Occurrence data is sorted by taxon via taxonSortPBDBocc
,
and further utilized occData2timeList
and plotOccData
.
Examples
# Note that all examples here use argument
# failIfNoInternet = FALSE so that functions do
# not error out but simply return NULL if internet
# connection is not available, and thus
# fail gracefully rather than error out (required by CRAN).
# Remove this argument or set to TRUE so functions fail
# when internet resources (paleobiodb) is not available.
#graptolites
graptData <- getCladeTaxaPBDB("Graptolithina",
failIfNoInternet = FALSE)
dim(graptData)
sum(graptData$taxon_rank == "genus")
# so we can see that our call for graptolithina returned
# a large number of taxa, a large portion of which are
# individual genera
# (554 and 318 respectively, as of 03-18-19)

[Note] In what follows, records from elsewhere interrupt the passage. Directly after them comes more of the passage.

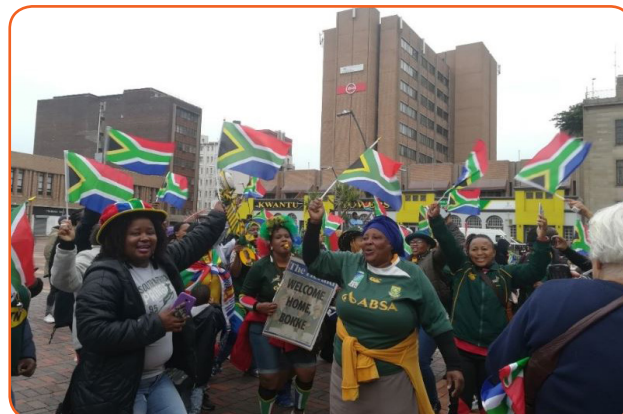
Community members singing and dancing while waiting for the Springboks to arrive.
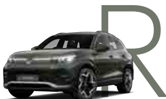
CIPRESSINO GREEN METALLIC
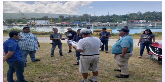
FEMA DR Bid Site Visitation
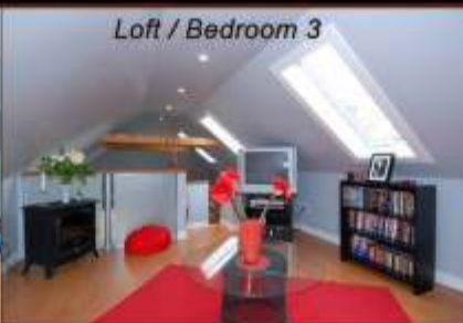
Loft / Bedroom 3
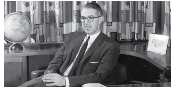
▲ Elmer Winter in 1963.

knowledgeable and effective resource to help them find work and shape their careers. And Manpower will continue to make a difference simply by doing what we do best—providing the training and support that connect people to employment possibilities they may not have otherwise had.
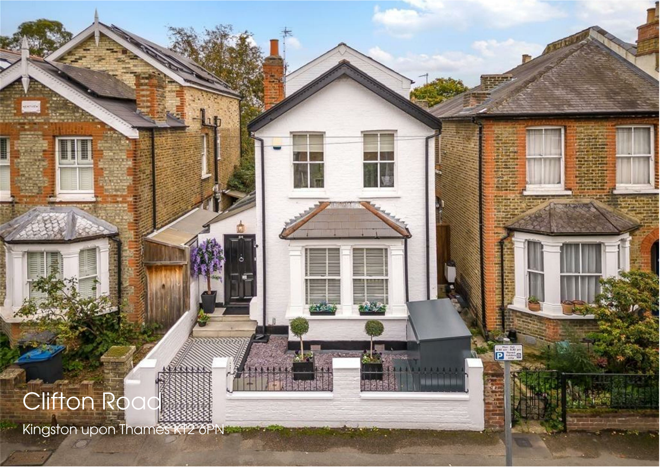
Clifton Road Kingston upon Thames KT2 6PN
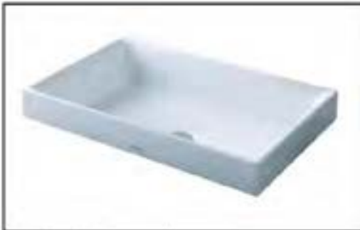
Wash Basin: TOTO รุ่น L1716

โถสุขภัณฑ์ One Piece Toilet (Tornado Flushing, Cefiontect Coating) with seat & cover
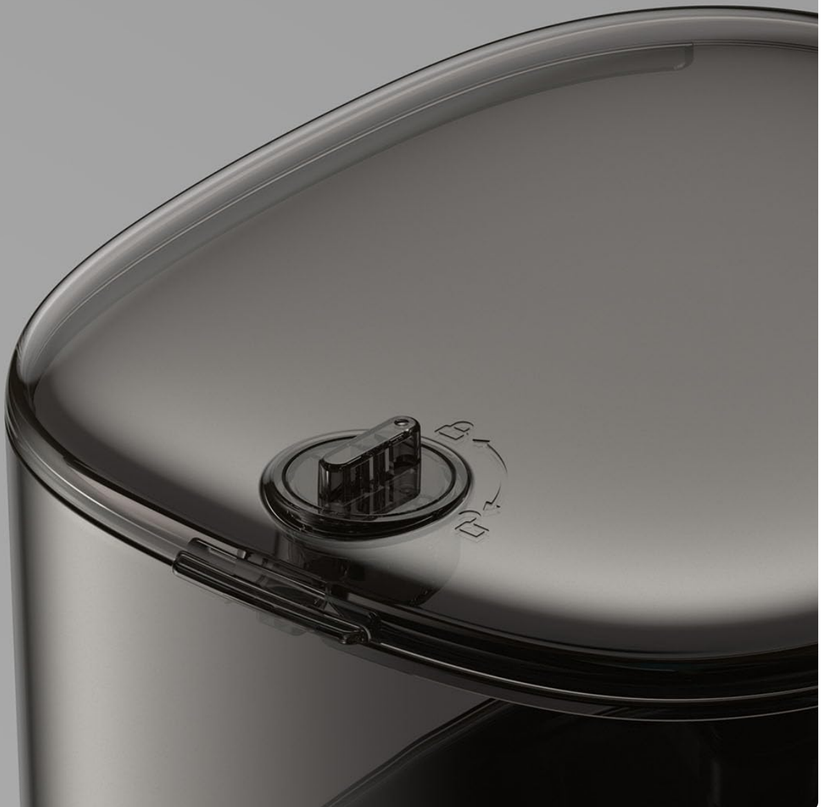
Image: Detail of the feeder's twist-lock design on the lid, ensuring food security and freshness.
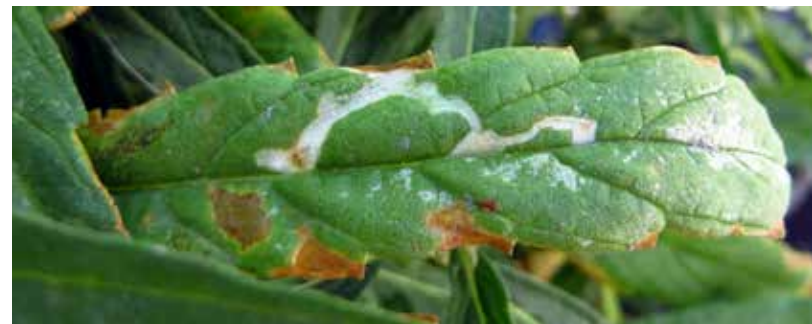
Leafminer damage was sporadic, with no larvae found within the mines to allow species identification.
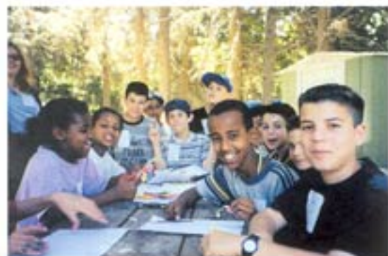
TALI students enjoying a day of fun and Jewish learning at Pinat Shorashim, run jointly by SIJS and Kibbutz Gezer.

Delegation Exchange. In February, the TEF hosted a delegation of New York Jewish educators in Jerusalem, focusing on "The TALI Education Fund and Jewish Identity." Similarly, a mission of Israeli TALI educators travelled to New York to meet with colleagues and partnered schools.
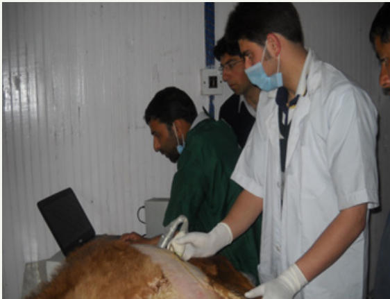
Figure 1: Ultrasonography of a calf being undertaken.

In the end Ultrasonography is an easy applicable, modern & noninvasive method, allowing the visualization of the various organs & their morphological changes. Also the largest advantages of sonography are a relatively simple & effective use, safe to the subject & the operator, its portability & fast interpretation & diagnosis in most circumstances.
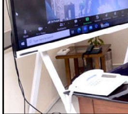
ISLAMABAD: Federal Minister for Power, Sardar Awaiz Ahmad Khan Leghari and Chief Minister Punjab Ms. Maryam Nawaz Sharif in a virtual meeting.
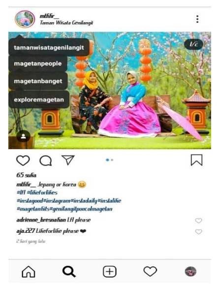
Figure 4.4 Use of the Geotag feature in Geni Langit Park Visitor Posts

Among Instagram activities that can be done:

tetrapodList<-c("Archaeopteryx", "Columba", "Ectopistes",
"Corvus", "Velociraptor", "Baryonyx", "Bufo",
"Rhamphorhynchus", "Quetzalcoatlus", "Natator",
"Tyrannosaurus", "Triceratops", "Gavialis",
"Brachiosaurus", "Pteranodon", "Crocodylus",
"Alligator", "Giraffa", "Felis", "Ambystoma",
"Homo", "Dimetrodon", "Coleonyx", "Equus",
"Sphenodon", "Amblyrhynchus")
tetrapodData <-getSpecificTaxaPBDB(tetrapodList,
failIfNoInternet = FALSE)
dim(tetrapodData)
sum(tetrapodData$taxon_rank == "genus")
# should be 26, with all 26 as genera
#############################################
# Now let's try getting occurrence data
# getting occurrence data for a genus, sorting it
# Dicellograptus
dicelloData <- getPBDBocc("Dicellograptus",
failIfNoInternet = FALSE)
if(!is.null(dicelloData)){
dicelloOcc2 <- taxonSortPBDBocc(dicelloData,
rank = "species", onlyFormal = FALSE,
failIfNoInternet = FALSE)
names(dicelloOcc2)
}